Jowen hadn't spoken to me in probably 20 minutes after he questioned if we could at least make out in the closet. I wasn't sure if he was being sarcastic or not, but most likely he was. So many thoughts filled my head, I didn't even know where to begin. If only he were here, rather than rotting in the ground. 

"So.... we better start talking if, ya know, we are gonna be stuck here for quite some time." Jowen casually brought up. "Can you be any fucking louder?" I whisper shouted. "Oh! Sorry, I forgot that we are kinda trying not to die." He began to whisper, with a small smile, barely visible except his pearly whites giving the smile away. 

"We better not be stuck in here forever, we have to get out at some point." I sighed. "Well, I wouldn't mind personally," he said. I could just hear from his voice he was still smirking. I turned my head towards the ground, burying my head in my knees. I had to get out. What happened to Riley? She saved my life right before Jowen did. If not for her, that pyscho Travis would've done exactly what he did to Peter. Put a bullet straight in the middle of my forehead. Where were all my friends? See, this is exactly what happens. Everyone saves me, cares for me, and I do nothing in return. I can't care about anyone or feel anything. Because the truth is, all my feelings, all my cares, went down in the ground with him. He taught me to care when I was about five.

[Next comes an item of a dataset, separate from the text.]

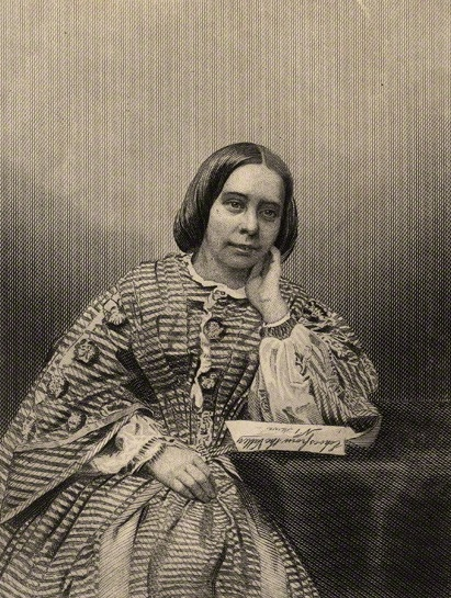 Marianne Farningham by Thomas Williams Hunt, engraving, late 19th century (Hunt was active only in the 1850-1879)

It was my first memory in fact. I was playing with one of the neighbor's kids. I had to be her friend otherwise I would get in trouble for not being nice. We were in the middle of the playroom of my expensive, ginormous old house back in my old neighborhood. We had Barbies tossed all over the ground, I was brushing mine, and she was brushing hers. I was about to put on my favorite heels on my blond girl. I always had a thing for blonds, I secretly wanted to be blond. The second I put them on, she started to whine, "No! You always get those shoes! My turn! You can't be shellfish!" I remember getting annoyed immediately. "Exactly, they're my dolls, so I get to choose who wears what, and what does shellfish even mean?" "It means you don't share things, that's what my mom told me!" "Well, I don't care what your mom says. They're mine." She began to cry and she then pulled my brown hair, bowl-cut style. "Hey!" I then immediately punch her hard in the stomach. She of course screamed. That's when he walked into the room.

"Hey! What's going on in here?" Percy's warm, hazel eyes filled my eyesight. He was about seven but was by far way more mature than I could have ever been. "Nothing" I immediately said. "No! She punched!" "Because she wants to steal my high heels!" "Because she's being shellfish!" That's when Percy's laughed filled the room. "You mean selfish?" "Yea." She quietly said. "Atlas? I need to tell you something. You can't always have things for yourself, and only care about yourself. You need to think about others too. Care about them and their feelings, not your own." He embraced me in his small embrace, but I found comfort in it and I nodded. 

I wish I could always imagine him that way, a sweet little boy that was only trying to help his little sister. But I only imagined him now, being bald, and helpless in a sanitized, white bed. How did I even see his eyes in Jowen's? They were nothing alike and would never be. 

There was a lump in my throat. I had now lost a best friend, not only a brother. And the truth is, I hadn't cried for either of them. My feelings went entirely with my brother. Because watching him be placed down in the cold, dirty, brown earth was like watching my own funeral. And people don't cry at their own funeral, because they impossibly can't.